NASA's mission to Saturn did some of the coolest space science in the history of the solar system. Here's why the plucky probe now has to die.

NASA

By the time you read this, NASA's Cassini spacecraft will be but a memory – vaporized into nothingness 1.2 billion kilometres from home. But dry your tears: Scientists will be poring over its nearly 20-year-life and 13-year sojourn around Saturn for years to come – including evidence pointing to the possibility of life beyond Earth.

1997 The Cassini spacecraft and its European hitchhiker, the Huygens probe, blast off from Cape Canaveral, Florida

1998-99 Cassini swings around Venus twice, taking pictures and picking up speed due to the planet’s gravity.

2004-2008 Cassini enters Saturn’s orbit and explores the planet, its moons and rings. Its 12 instruments “sniff” the chemical composition of dust and atmosphere, measure magnetic fields and snap high-res photos. The results are so spectacular the mission is extended to 2017.

2005 The Huygens probe gently parachutes off Cassini onto Saturn’s moon Titan. It beep-boops around for just 90 minutes, taking measurements and snapping pictures of orange sky and pebbly landscape. No spacecraft has landed farther from Earth.

2006 Cassini sees the moon Titan’s hazy atmosphere of methane, the same hydrocarbon gas found in human farts. Titan has a methane cycle like Earth’s water cycle, with methane oceans, methane clouds and methane rain.

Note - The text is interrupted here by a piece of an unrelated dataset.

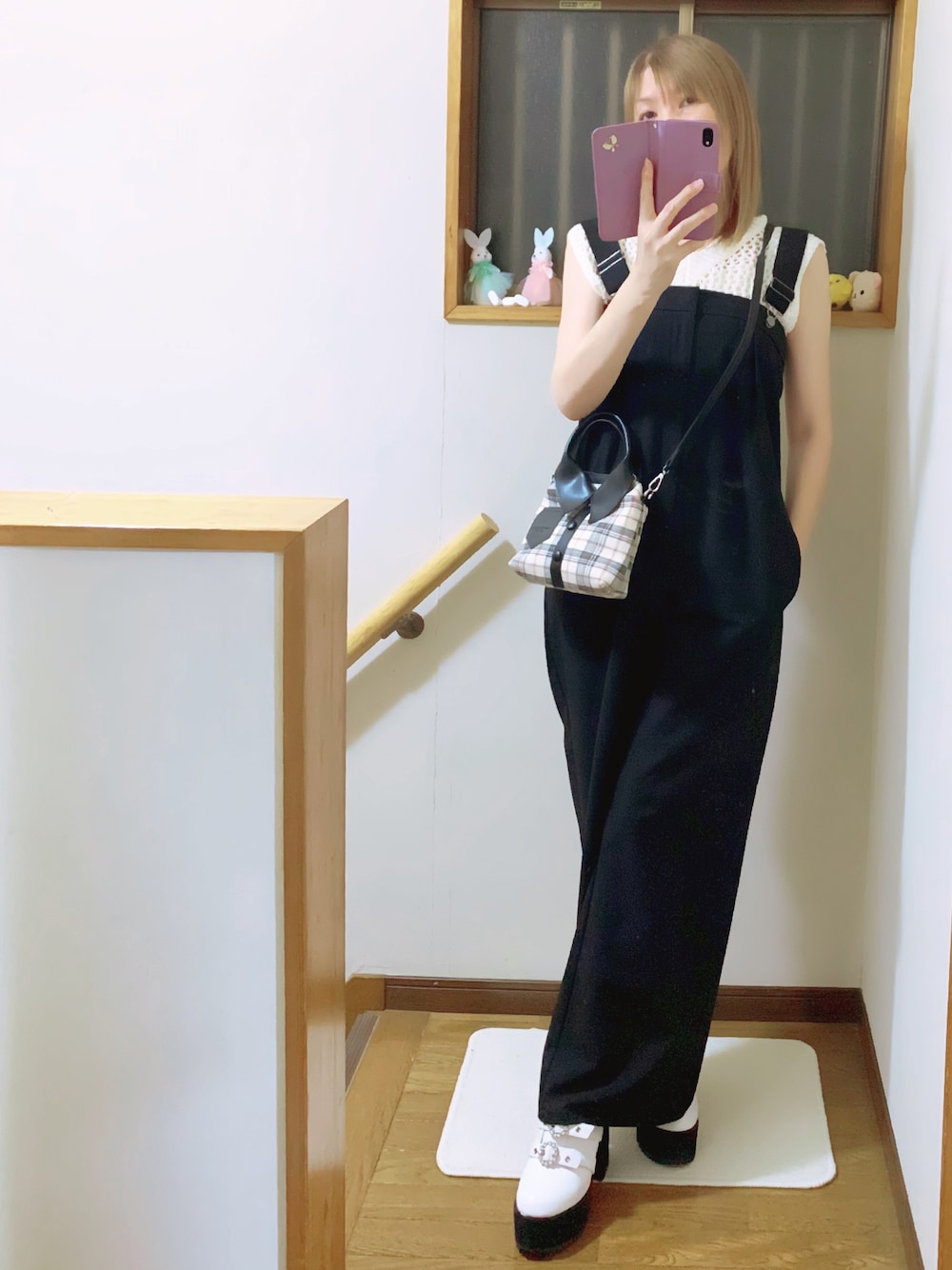 8月12日(火)☁️予想最高気温32℃ 見ていただきありがとうございます😊 本日は、サロペットを使ったコーデにしてみました🎶 最近、サロペットが好きになりまして、、🥰 GUに行った際、気に入り買いました🛍 お値下げもされていました😆ᩚ🩷✌️ インナーのキャミに、あみあみのノースリーブトップスを合わせました🎵

2006-2014 Water vapour and salt are seen spewing from geysers on the moon Encedalus, supplying raw material for one of the rings. Cassini later analyzes Encedalus’s ice grains and scientists conclude they came from a vast, warm, salty, subsurface ocean of liquid water.

2013 Cassini captures a high-res movie of Saturn’s polar hexagon: a six-sided jet stream churning at the planet’s north pole. As Saturn’s year progresses (it’s 30 Earth-years long) , the sunlight changes and the vortex changes colour from blue to golden.

2016 Of the millions of dust grains  Cassini samples around Saturn, it finds 36 that appear to be from beyond our solar system. Interstellar dust moves faster and in different directions than domestic stuff.

WHY CASSINI MUST DIE
To protect the precious alien life that might lurk on Saturn’s moons — or could one day — Cassini is sacrificing itself for the sake of science. The plucky little probe found water on one of Saturn’s moons and organic soup on another. Left to sputter out on its own, it could crash into one of those worlds and pollute it with Earth germs, introducing the worst invasive species ever. So NASA decided it had to pilot Cassini directly into Saturn, letting it orbit closer and closer until it gets pulled into the planet itself. It spent its final few months exploring “Big Empty,” the gap between the planet and rings. Its last little bit of fuel will be used up in an effort to keep its antenna pointed at Earth for as long as possible as it trasmits data on Saturn’s low-lying clouds. Then it will nosedive, dish-downwards, losing contact with Earth forever. Shortly after, it will burn up and become part of the gaseous planet it so dutifully studied for 13 years.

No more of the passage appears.